STORED DATA:

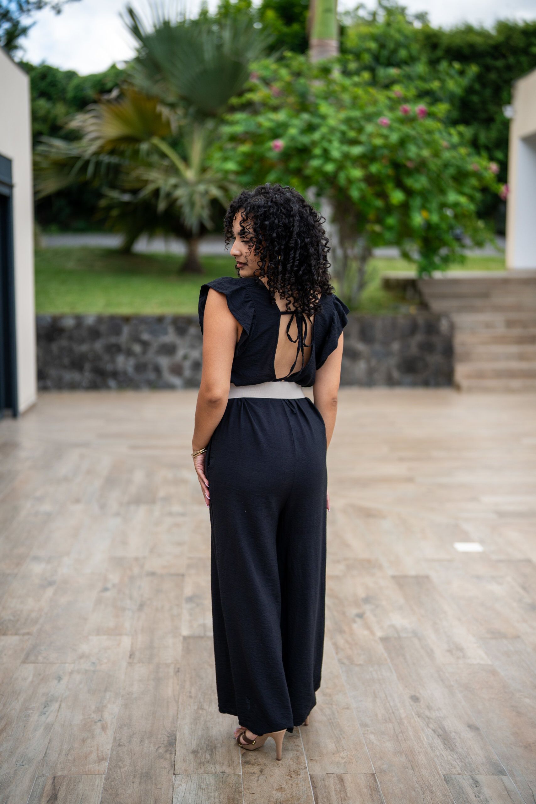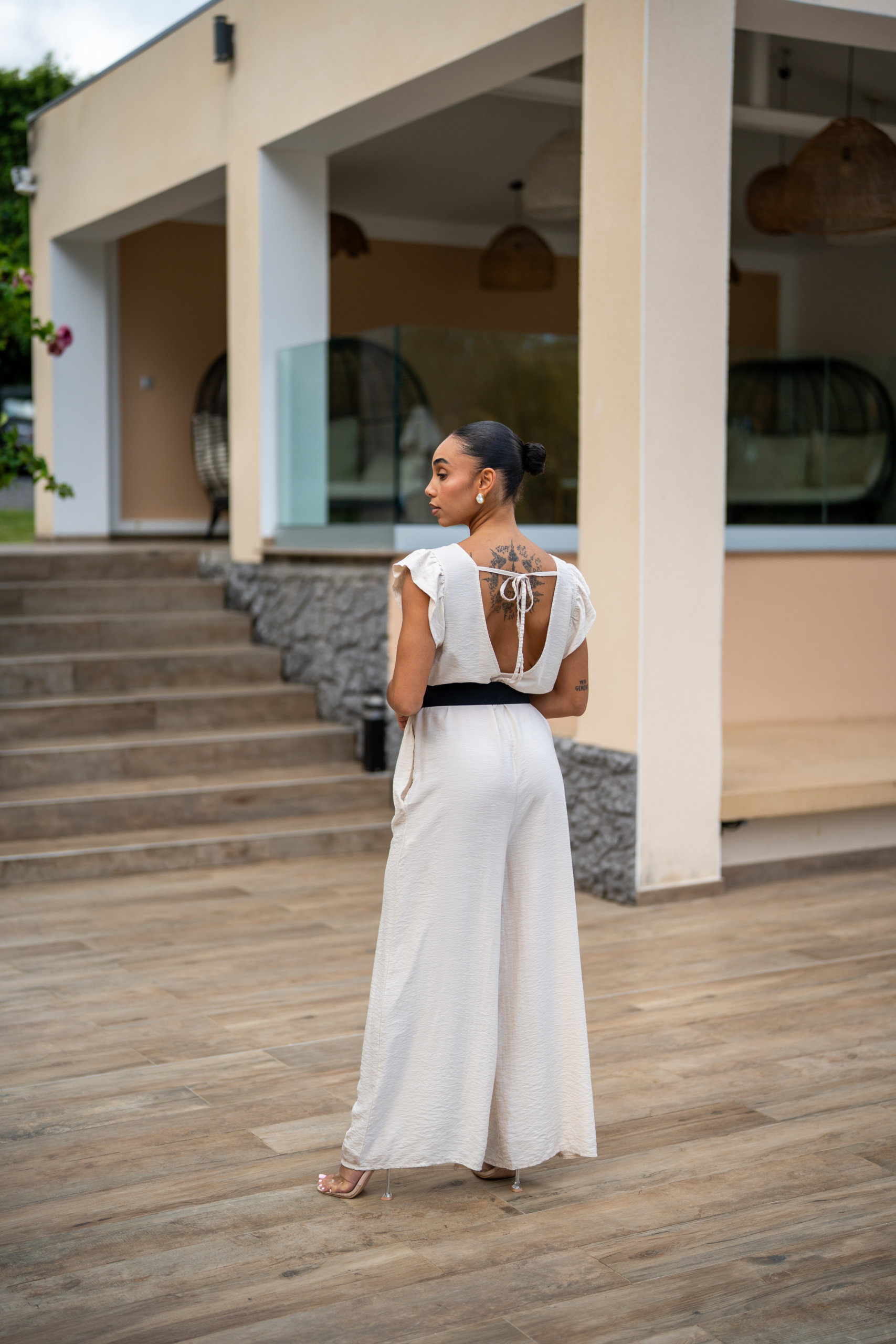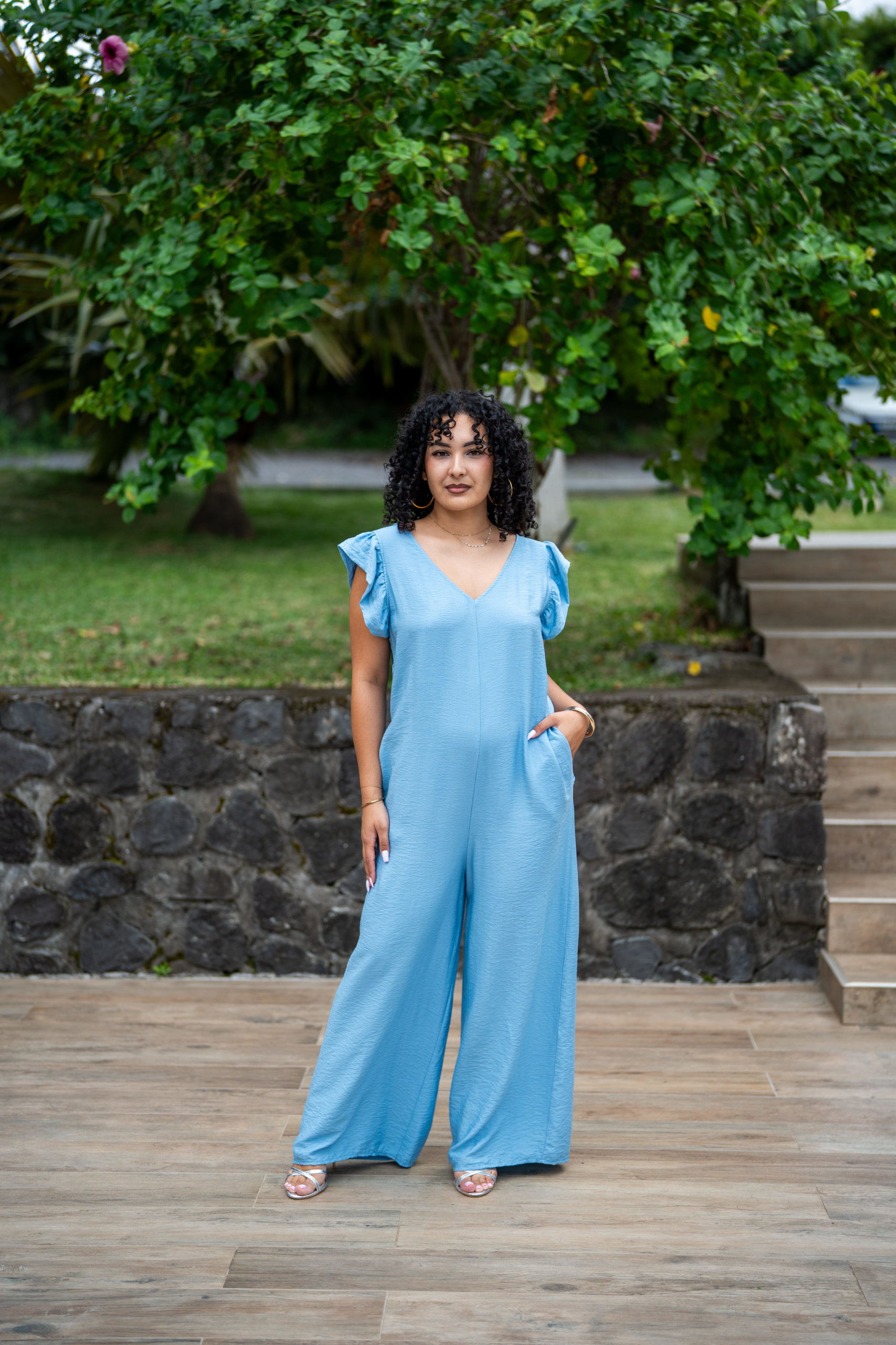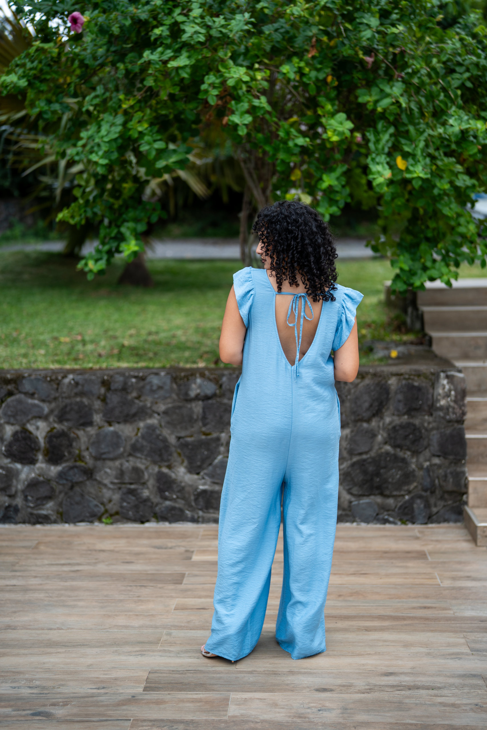 Combinaison pantalon unie avec ses manches courtes. volantes et son noeud au dos.
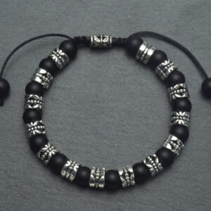 8mm Frosted Black Glass + (A257) Lead Free Pewter Braided Bracelet 7.5″
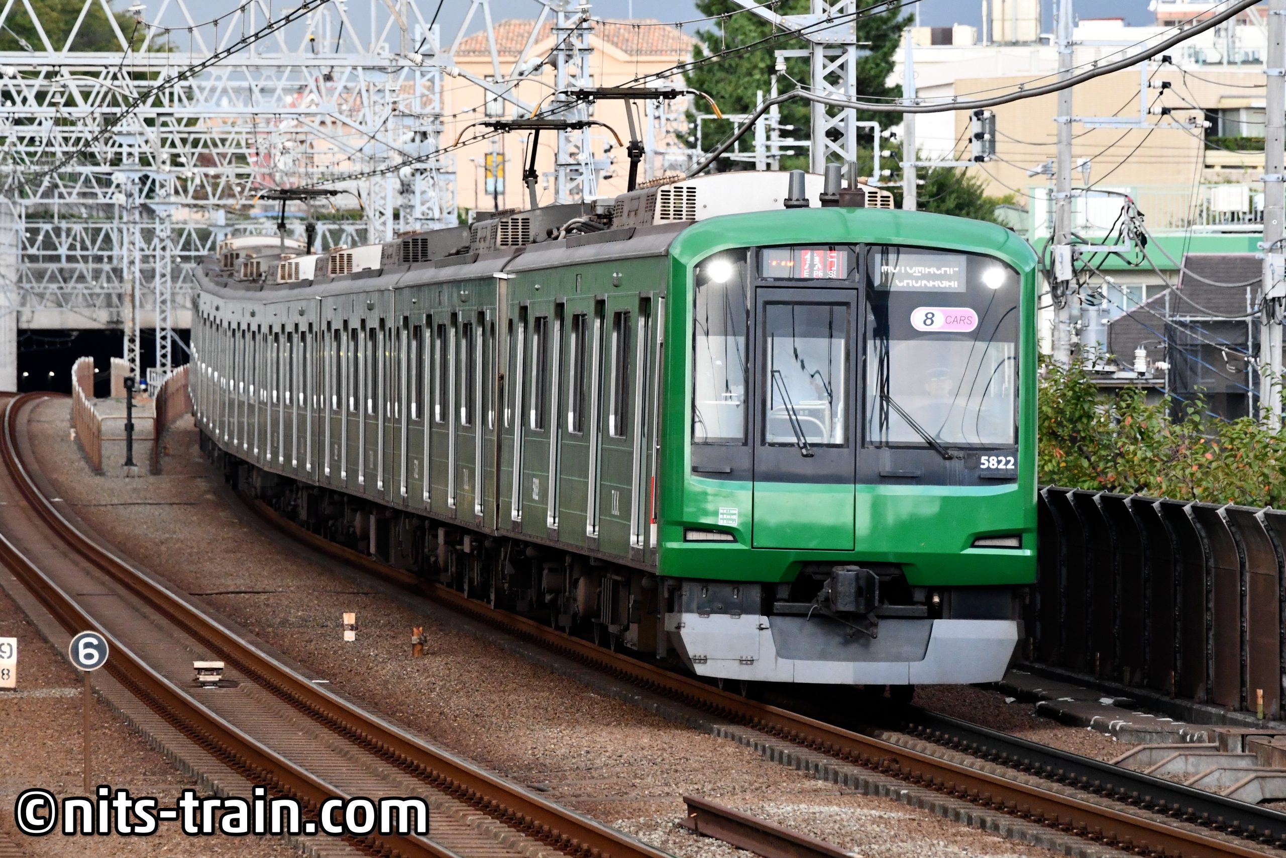 In Tamagawa (Google-Maps) angekommen, zuckte ich meine Kamera - und schon kommt als erstes eine besondere Garnitur. Garnitur 5822 ist nämlich in der alten Lackvariante der Tokyu-Eisenbahn beklebt worden und wird aufgrund der Farbe auch Knallfrosch genannt.

TASK REQUIREMENTS:
Because the copy must hold no pictures, return only the lines that run from the line containing "8mm Frosted Black" to the end of the data above, each exactly as it stands.

TASK ANSWER:
 8mm Frosted Black Glass + (A257) Lead Free Pewter Braided Bracelet 7.5″
 In Tamagawa (Google-Maps) angekommen, zuckte ich meine Kamera - und schon kommt als erstes eine besondere Garnitur. Garnitur 5822 ist nämlich in der alten Lackvariante der Tokyu-Eisenbahn beklebt worden und wird aufgrund der Farbe auch Knallfrosch genannt.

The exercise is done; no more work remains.